Choosing a Data Labeling Service Part 1: Hiring and Vetting

The importance of people in AI development cannot be understated. The humans in the loop are necessary to create machine learning models, and they can be involved in everything from data labeling to automation exception processing. When you strategically apply people, process, and technology, you can create higher performing AI systems.

Managing data labeling in-house is challenging so many innovators outsource the work. However, you must choose wisely when selecting your workforce.

In a recent Hype Cycle for AI, Gartner recommends you “ensure the provider you choose has methods to test their pool of knowledge workers for domain expertise and measures around accuracy and quality.¹”

How can you determine if a data labeling service provides workers who will deliver quality work? This week we’ll explore how hiring, vetting, and context impact data quality. Stay tuned for next week’s post about communication and quality assurance processes.

Not Everyone Can Be a Data Labeler

You have a few workforce options, and each one hires and trains workers differently. Crowdsourcing is often touted as an affordable and scalable solution for data labeling for AI, but it comes with serious caveats.
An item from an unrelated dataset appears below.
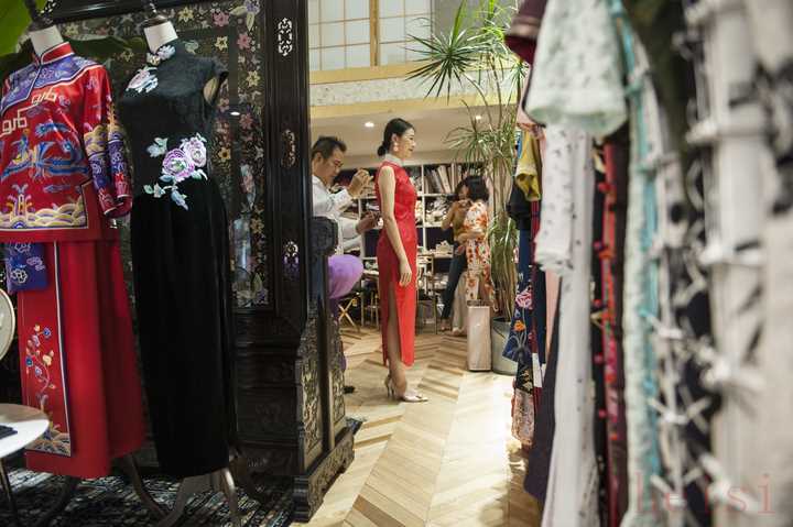 開店的是兩位老板娘,黃宸琳和周惜之。她倆是打小的閨蜜,從小就喜歡旗袍。周惜之在巴黎留學(xué)的時候,遇到了很多法國當(dāng)?shù)氐墓そ常鹤銎ば⑿掮姳?、編蕾絲……一做,就做到極致。這深深地觸動了她。正巧黃宸琳出生在絲綢世家,兩人一拍即合:開家店,把屬于中國的傳統(tǒng)旗袍做到極致!

The main problems with crowdsourcing are that workers are anonymous and are often not sufficiently trained. Crowdsourcing can distribute data labeling tasks to independent workers nearly anywhere in the world, so there’s no way to vet their expertise or validate their skills until your work is completed, which can affect quality.

Data quality might not be a serious problem in more simple, lower-risk AI projects, such as those designed for entertainment (although, does anyone really want their brand associated with an AI snafu?). However, if you’re developing an AI model where inaccurate predictions can affect people’s lives, such as AI applications for healthcare, autonomous vehicles, or predictive maintenance of industrial control systems, data quality is quite a different matter. Crowdsourcing leaves little room for accountability and can result in data quality issues that can create negative outcomes.

It’s important to choose an outsourcing provider with an in-depth worker vetting and selection process that pairs well-trained labelers with the right projects. That’s not going to happen with crowdsourcing, and it isn’t easily scalable with in-house data analyst teams. When data quality matters, your best choice is a managed workforce that serves as an extension of your own team.

Context Matters

There’s far more to data labeling than simply drawing bounding boxes around objects. The people tasked with these jobs must also have an understanding of the business objectives and how the work they are doing will be used in real life. That context provides workers the ability to make subjective decisions based on nuances that can affect the quality of the annotations.

For example, let’s say you’re developing an AI system to detect signs of disease in crops. In this case, the people who are annotating your images and videos need to be able to identify and distinguish between things like crop types, growth stages, and regional or seasonal diseases. If you’re like the agriculture technology company Hummingbird, you have an agronomist who is an expert in these matters but their time is too expensive to use on quality control for data labeling. Instead, Hummingbird tapped a managed workforce with known, vetted workers. Their agronomist wrote the data labeling requirements, which the data analyst teams use to annotate accurately and train new team members.

Training is an essential part of delivering high-quality data labeling work. Moreover, training needs to be tailored to the individual needs of the client. Every AI project is different, hence the need for targeted onboarding and ongoing training when building a managed team of expert data labelers.

Choose Wisely

AI project development depends on human expertise. That’s why a provider’s hiring and vetting process must be carefully considered when you outsource data labeling. The team must consist of labelers who understand the nuances of your project and can make subjective decisions with high accuracy. Choose an annotation partner that invests in training and nurturing talent, and your odds of receiving high-quality data increase exponentially.